Background

Oral health-related quality of life (OHRQoL) is a multidimensional construct reflecting the comfort of eating, sleeping, and engaging in social interaction, which measures the impact of oral health on emotion, society, and function of daily life [1]. Gender has shown to influence OHRQoL [2, 3]. It is also reported that disadvantaged adolescents might experience poor OHRQoL due to the worse oral condition, which suggested socioeconomic position was an important factor of OHRQoL [4].

Dentofacial disharmonies are observed in 38.5% of adolescents [5, 6], which severely affect daily life such as breathing, speaking, and eating.

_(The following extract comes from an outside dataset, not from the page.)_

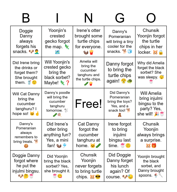 This bingo card has a free space and 30 words: Did Yoonjin bring the black sorbet? Yes, she brought it. ๐ง๐, Amelia forgot the turtle chips again. ๐ข๐ , Dannyโs poodle will bring the cucumber tanghuru tomorrow. ๐ฉ๐ฅ๐ญ, Did Irene bring the injulmi bingsu? No, she forgot it. ๐ง๐, Doggie Danny always forgets his snacks. ๐ถ๐คฆโโ๏ธ, Ireneโs otter brought some turtle chips for everyone. ๐ฆฆ๐, Will Yoonjin's crested gecko bring the black sorbet? Maybe! ๐ฆโ, Cat Danny forgot the cucumber tanghuru at home. ๐ฑ๐ฅ, Did Danny's Pomeranian bring the toys? Yes, and a snack too! ๐๐งธ, Chunsik Yoonjin never forgets to bring turtle chips. ๐น๐, Will Amelia bring injulmi bingsu to the party? Yes, she will! ๐๐ง, Yoonjin brought the black sorbet, and Danny brought spoons. ๐จ๐ฅ, Did Doggie Danny forget his lunch again? Of course. ๐ถ๐, Danny's poodle brings joy and turtle chips. ๐ฉโค๏ธ, Why did Amelia forget the black sorbet? She was sleepy. ๐ด๐ง, Yoonjin will bring cucumber tanghuru tomorrow. ๐ฅ๐ , Irene forgot to bring injulmi bingsu last time. ๐ง๐, Danny's Pomeranian always remembers to bring treats. ๐๐ช, Did Ireneโs otter bring anything fun? Yes, a mini fan! ๐ฆฆ๐, Chunsik Yoonjin forgot the turtle chips in her locker. ๐น๐, Will Cat Danny bring the cucumber tanghuru? I hope so! ๐ฑ๐ค, Amelia brings black sorbet every weekend. ๐จโฑ๏ธ, Yoonjin's crested gecko forgot the map. ๐ฆ๐บ๏ธ, Danny forgot to bring the turtle chips again! ๐ค๐ข, Did Irene bring the drinks or forget them? She brought them. ๐ฅค๐, Danny's Pomeranian will bring a tiny cooler for the snacks. ๐๐ง, Chunsik Yoonjin always brings a surprise. ๐น๐, Doggie Danny forgot where he put the injulmi bingsu. ๐ถ๐ค๐ง, Amelia will bring the cucumber tanghuru and the turtle chips. ๐ฅ๐ and Yoonjin brought everythingโฆ except the black sorbet! ๐ฌ๐จ.

These patients are also potentially with self-abasement and socially awkward, which afflicts psychosocial development [7,8,9]. Therefore, dentofacial deformities have seriously unfavorable influence on the patients’ OHRQoL [10].

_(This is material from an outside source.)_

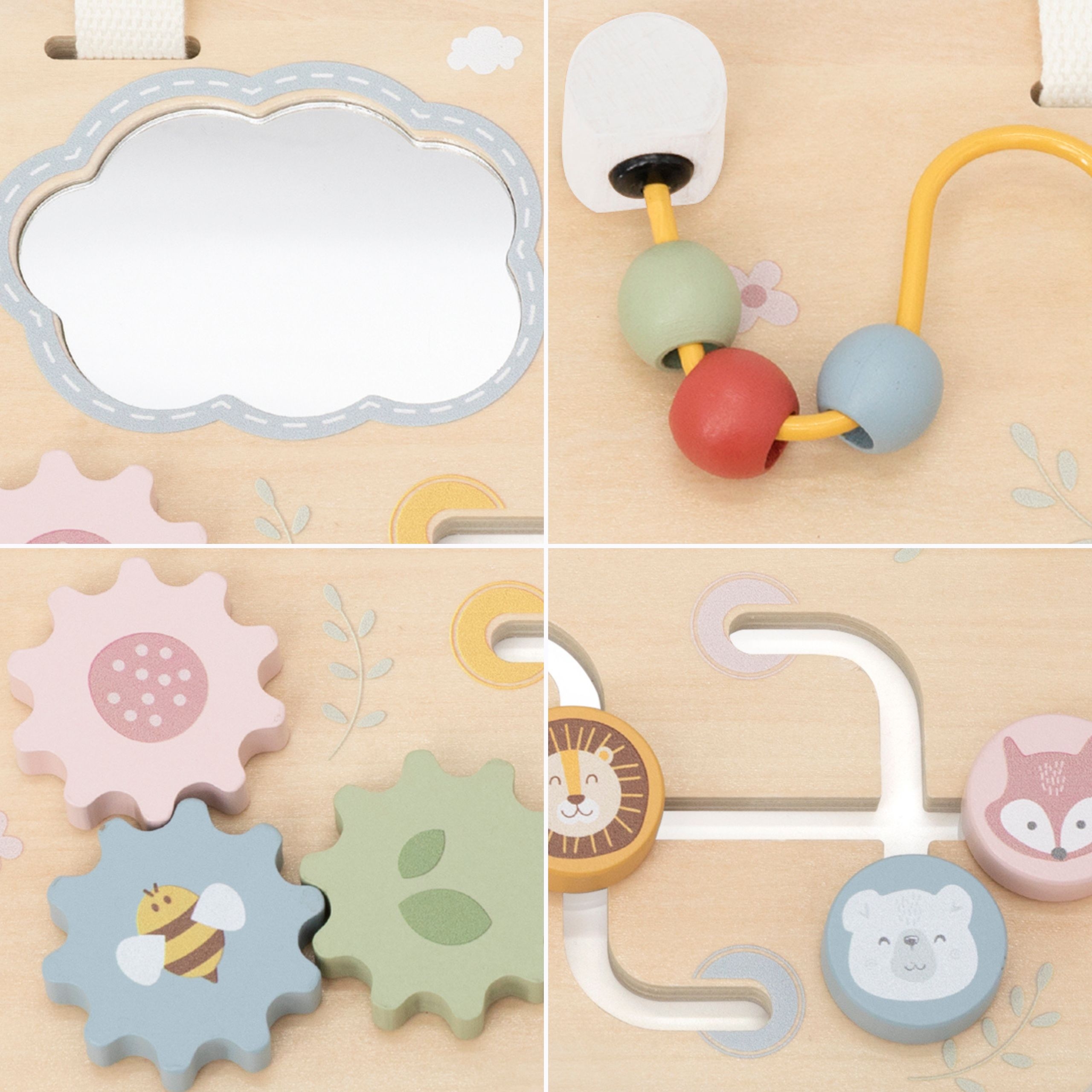To, čo robí túto tabuľu výnimočnou, sú 4 bavlnené popruhy so suchým zipsom. Vďaka nim hračku jednoducho a bezpečne pripevníte na rám postieľky alebo madlo kočíka. Dieťatko tak môže v sede alebo v ľahu skúmať svoj obraz v zrkadle, točiť ozubenými kolieskami alebo posúvať koráliky, zatiaľ čo vy si vychutnáte chvíľku pokoja.

The conventional orthognathic surgery, also named as conventional three-stage method (CTM), generally consists of presurgical orthodontic treatment, surgery treatment, and postoperative orthodontic adjustment [11]. According to this protocol, presurgical orthodontic treatment, which is essential to the final stable surgical results, will focus on removing dental decompensation, aligning and leveling the teeth, and coordinating dental arches [12]. This process, however, can hardly contribute to the changes of vertical and transverse plane [13]. It was indicated that the correction of transverse discrepancy could be addressed with surgery without presurgical orthodontic treatment [14]. In addition, there are gingival recession, enamel decalcification, root resorption, and worsening lip profile during presurgical orthodontic treatment [15, 16]. These results inevitably have a negative effect on the aesthetic and psychologic aspects. It was reported that the OHRQoL of patients in the presurgical orthodontic treatment was worse than that in the postsurgical treatment phase [17].

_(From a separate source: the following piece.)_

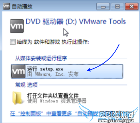 3、随后请耐心等待一下,一般会在 Windows 系统中自动弹出安装 Vmware Tools 的提示。点击“运行 Setup.exe”选项即可。

In 1988, Behrman raised the concept of “surgery first and orthodontics second”, which was also named as surgery first approach (SFA) [18]. They hypothesized that once the jaw position was counterbalanced, the normalized soft tissues would facilitate the postoperative tooth movement, and thus shorten the duration of treatment. Clinical data from Chang Gung University also demonstrated that the surgical environment might bring about 4-month period of higher bone metabolic changes and osteoclastic activities, possibly accelerating postoperative tooth movement [19]. It was indicated that postoperative alignment was similar to that in Class I cases, and any possible surgical relapse could be rectified with postoperative orthodontics [20]. Based on this approach, a preplanned orthodontic treatment is fulfilled after the surgery, yielding promotion in the facial aesthetics straight away and providing a decreased total treatment time [21, 22]. These components may lead to the enhancement of patients’ cooperation and better OHRQoL [23, 24]. A large curve of Spee, however, may hamper the accurate evaluation of a predictable mandible position and final occlusion, resulting in difficulties in designing treating plan [21]. It was also exhibited that the relapse rate of SFA group was higher than that of CTM [25, 26].

Previous systematic reviews mainly focused on the effectiveness of SFA [13, 27,28,29,30]. Only one of them suggested that the immediate improvement in facial esthetics might have a positive influence on OHRQoL roughly, which only described two studies on this aspect and did not involve the relevant results of different periods or perform the quantitative synthesis [29].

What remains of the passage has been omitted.